Krishna Rajarathnam, Krishna Mohan Sepuru, Prem Raj B. Joseph, Kirti V. Sawant, Aaron J. Brown

Research output: Contribution to journalReview article

11 Scopus citations

Abstract

Circulating neutrophils, rapidly recruited in response to microbial infection, form the first line in host defense. Humans express ~50 chemokines, of which a subset of seven chemokines, characterized by the conserved “Glu-Leu-Arg” motif, mediate neutrophil recruitment. Neutrophil-activating chemokines (NACs) share similar structures, exist as monomers and dimers, activate the CXCR2 receptor on neutrophils, and interact with tissue glycosaminoglycans (GAGs). Considering cellular assays have shown that NACs have similar CXCR2 activity, the question has been and remains, why do humans express so many NACs? In this review, we make the case that NACs are not redundant and that distinct GAG interactions determine chemokine-specific in vivo functions.

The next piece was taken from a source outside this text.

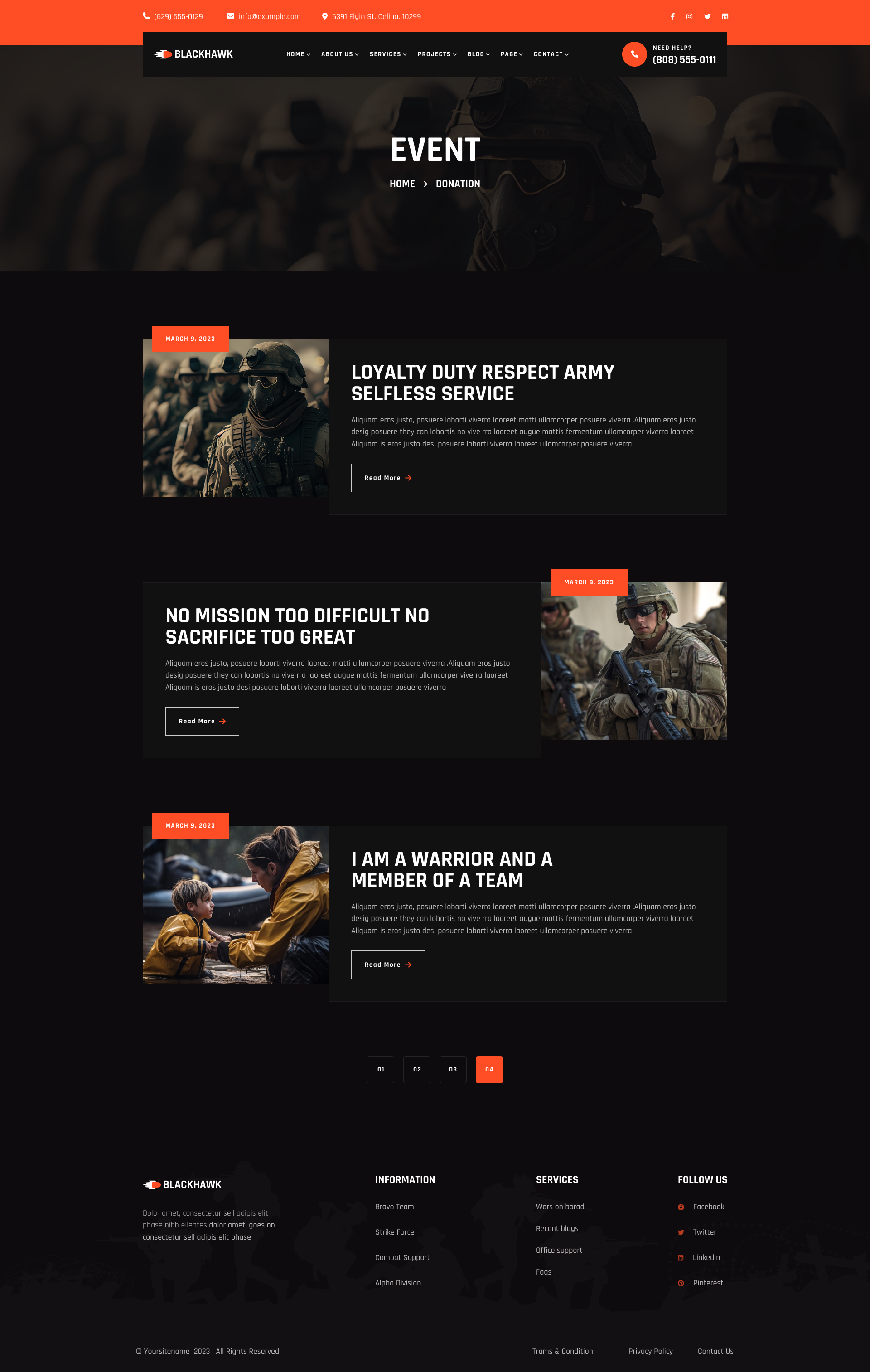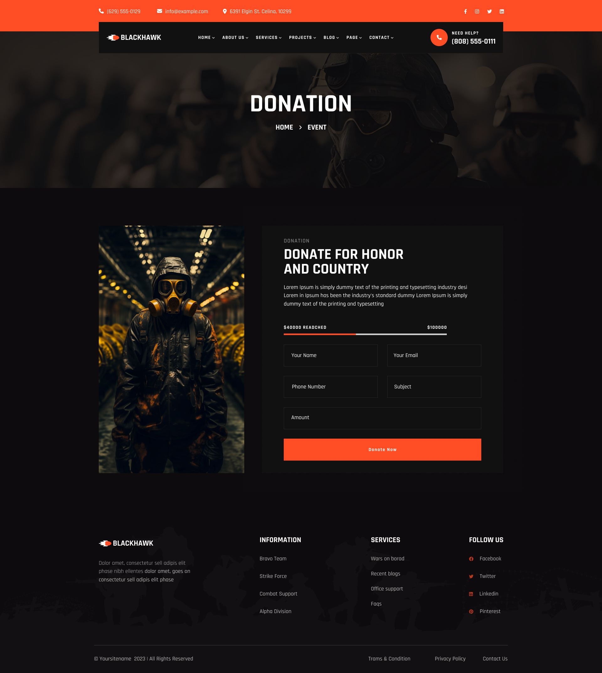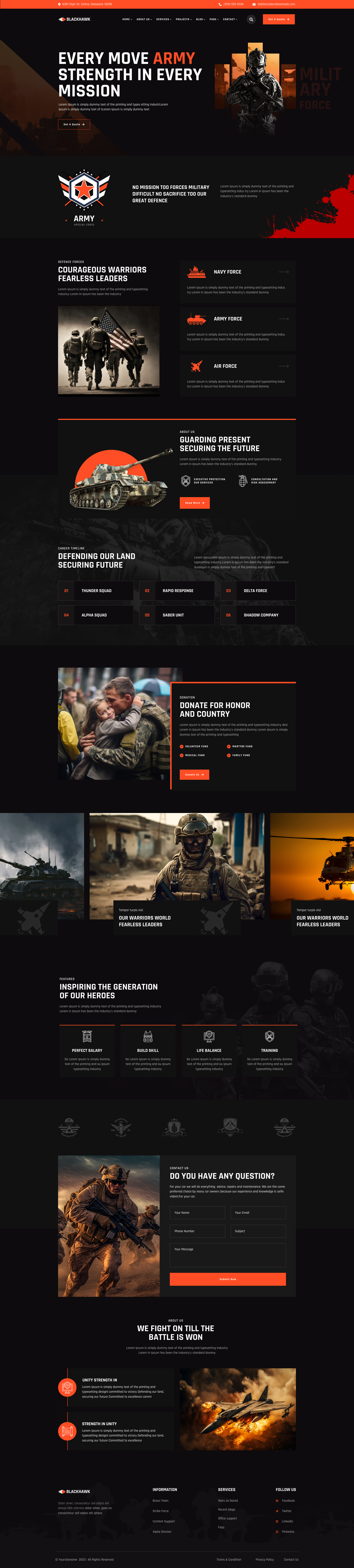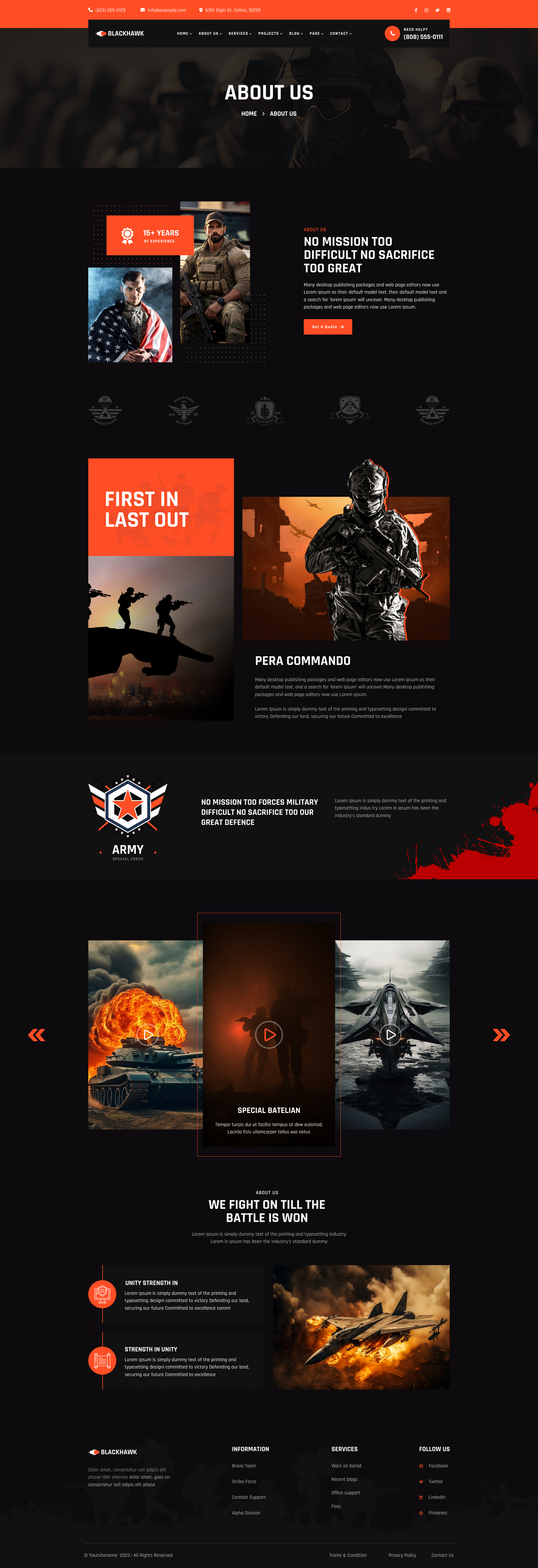 BlackHawak – Military Service HTML5 Template, Built with the world’s most popular responsive CSS framework Bootstrap. This is a clean and modern template that uses army, aviation, commando, community, donation, guard, military, navy, officer, recruiting, security, service, squad, veterans, war, and any kind of Military Service. It has a lot of features and responsive pages. It has a lot of features and responsive pages.

Structural studies have shown that the GAG-binding interactions of NACs are distinctly different, and that conserved and specific residues in the context of structure determine geometries that could not have been predicted from sequences alone. Animal studies indicate recruitment profiles of monomers and dimers are distinctly different, monomer–dimer equilibrium regulates recruitment, and that recruitment profiles vary between chemokines and between tissues, providing evidence that GAG interactions orchestrate neutrophil recruitment. We propose in vivo GAG interactions impact several chemokine properties including gradients and lifetime, and that these interactions fine-tune and define the functional response of each chemokine that can vary between different cell and tissue types for successful resolution of inflammation.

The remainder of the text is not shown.